**SOURCE DATA**
━━━━━━━━━━━━━━━━━━━━
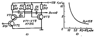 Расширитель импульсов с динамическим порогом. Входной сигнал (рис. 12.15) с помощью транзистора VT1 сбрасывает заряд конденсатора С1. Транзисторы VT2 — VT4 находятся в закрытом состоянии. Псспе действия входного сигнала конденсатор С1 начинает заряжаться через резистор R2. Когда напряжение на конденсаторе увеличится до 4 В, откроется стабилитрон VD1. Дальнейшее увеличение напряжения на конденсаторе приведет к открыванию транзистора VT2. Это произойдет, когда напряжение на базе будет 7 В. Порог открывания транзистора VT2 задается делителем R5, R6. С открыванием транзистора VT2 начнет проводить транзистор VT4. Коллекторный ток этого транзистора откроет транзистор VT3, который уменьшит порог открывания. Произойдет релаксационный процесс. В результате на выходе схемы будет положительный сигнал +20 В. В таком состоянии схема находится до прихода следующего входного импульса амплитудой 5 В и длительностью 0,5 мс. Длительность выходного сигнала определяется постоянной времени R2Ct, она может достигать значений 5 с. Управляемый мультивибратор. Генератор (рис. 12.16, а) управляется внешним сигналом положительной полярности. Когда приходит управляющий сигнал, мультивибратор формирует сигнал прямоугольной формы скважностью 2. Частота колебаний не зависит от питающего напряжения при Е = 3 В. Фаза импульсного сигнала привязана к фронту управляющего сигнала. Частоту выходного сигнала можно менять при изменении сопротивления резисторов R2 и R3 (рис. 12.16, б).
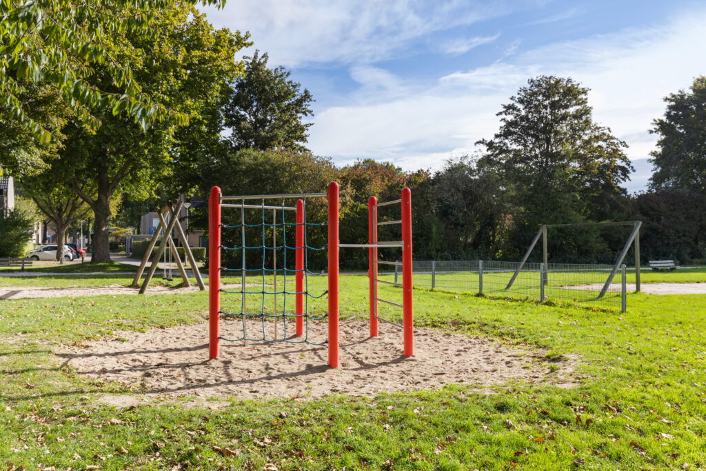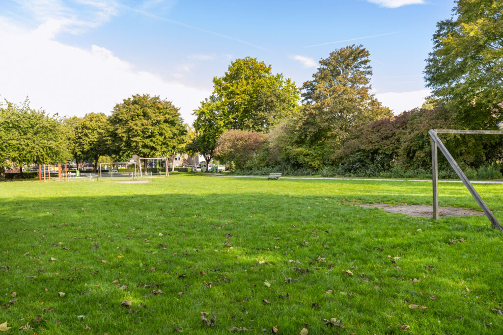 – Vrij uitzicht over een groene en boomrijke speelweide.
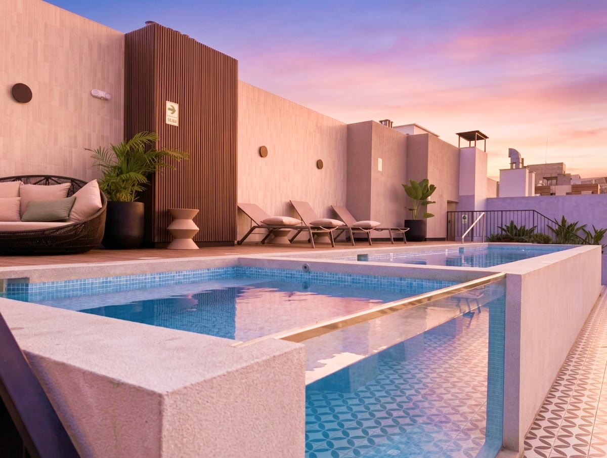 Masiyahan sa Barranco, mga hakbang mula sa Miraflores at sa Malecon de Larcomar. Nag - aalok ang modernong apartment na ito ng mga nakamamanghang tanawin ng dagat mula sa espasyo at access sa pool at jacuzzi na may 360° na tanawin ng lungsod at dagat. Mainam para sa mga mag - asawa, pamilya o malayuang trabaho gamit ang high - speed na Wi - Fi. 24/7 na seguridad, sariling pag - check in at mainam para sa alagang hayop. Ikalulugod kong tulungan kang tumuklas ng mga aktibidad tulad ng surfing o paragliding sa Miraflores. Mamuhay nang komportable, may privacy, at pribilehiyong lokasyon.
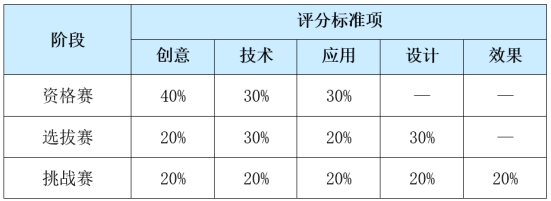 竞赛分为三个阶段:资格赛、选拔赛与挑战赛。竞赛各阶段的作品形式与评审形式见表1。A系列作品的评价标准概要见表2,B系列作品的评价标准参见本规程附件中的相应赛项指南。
━━━━━━━━━━━━━━━━━━━━
**WORK TASK**
Exactly the lines from the one with "Masiyahan sa Barranco, mga" through the end of the listing above are to be repeated, with no pictures.

**RESULT OF THE TASK**
 Masiyahan sa Barranco, mga hakbang mula sa Miraflores at sa Malecon de Larcomar. Nag - aalok ang modernong apartment na ito ng mga nakamamanghang tanawin ng dagat mula sa espasyo at access sa pool at jacuzzi na may 360° na tanawin ng lungsod at dagat. Mainam para sa mga mag - asawa, pamilya o malayuang trabaho gamit ang high - speed na Wi - Fi. 24/7 na seguridad, sariling pag - check in at mainam para sa alagang hayop. Ikalulugod kong tulungan kang tumuklas ng mga aktibidad tulad ng surfing o paragliding sa Miraflores. Mamuhay nang komportable, may privacy, at pribilehiyong lokasyon.
 竞赛分为三个阶段:资格赛、选拔赛与挑战赛。竞赛各阶段的作品形式与评审形式见表1。A系列作品的评价标准概要见表2,B系列作品的评价标准参见本规程附件中的相应赛项指南。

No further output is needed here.